**EXERCISE GOAL**
Only one stretch of the data below is needed: the line with "Up for grabs" through the last line. Output it exactly and drop the pictures.

**INPUT DATA**
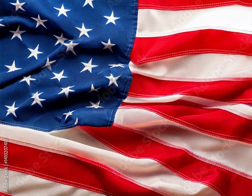 Closeup ruffled American flag isolated
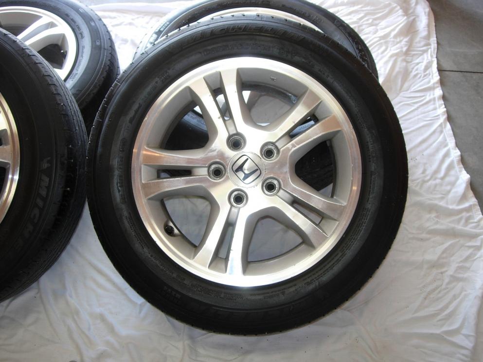 Up for grabs is a set of 4 wheels and tires from my 06 Accord EX-L. They are the original factory rims and tires. Tires are Michelin Energy MXV4, size 205/60/16, Load Rated 91, speed V. There is not much tread left on the tires so I can have the rubber pulled off which will save on shipping. The tread depths are (in 32nds of an inch) 3.5, 3.5, 5.1, 5.1. I ran them last summer and they rode smooth and straight. The rims have chips in the clear coat. There is some light rash on the lip of one rim.
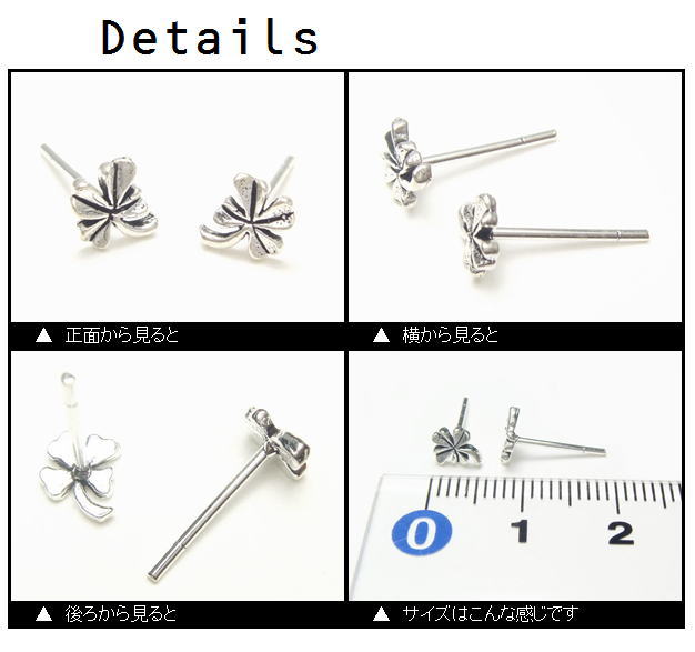素材シルバー925サイズモチーフサイズ:約5x5.5mmポスト長さ:約10mm 個数ペアー売り(1組2個セット)耳にやさしいシリコンゴムキャッチ付き特徴小さなクローバーのピアスは、可愛らしさ十分!これからの季節、心をハッピーにしてくれそうなピアスです。

**EXERCISE SOLUTION**
 Up for grabs is a set of 4 wheels and tires from my 06 Accord EX-L. They are the original factory rims and tires. Tires are Michelin Energy MXV4, size 205/60/16, Load Rated 91, speed V. There is not much tread left on the tires so I can have the rubber pulled off which will save on shipping. The tread depths are (in 32nds of an inch) 3.5, 3.5, 5.1, 5.1. I ran them last summer and they rode smooth and straight. The rims have chips in the clear coat. There is some light rash on the lip of one rim.
素材シルバー925サイズモチーフサイズ:約5x5.5mmポスト長さ:約10mm 個数ペアー売り(1組2個セット)耳にやさしいシリコンゴムキャッチ付き特徴小さなクローバーのピアスは、可愛らしさ十分!これからの季節、心をハッピーにしてくれそうなピアスです。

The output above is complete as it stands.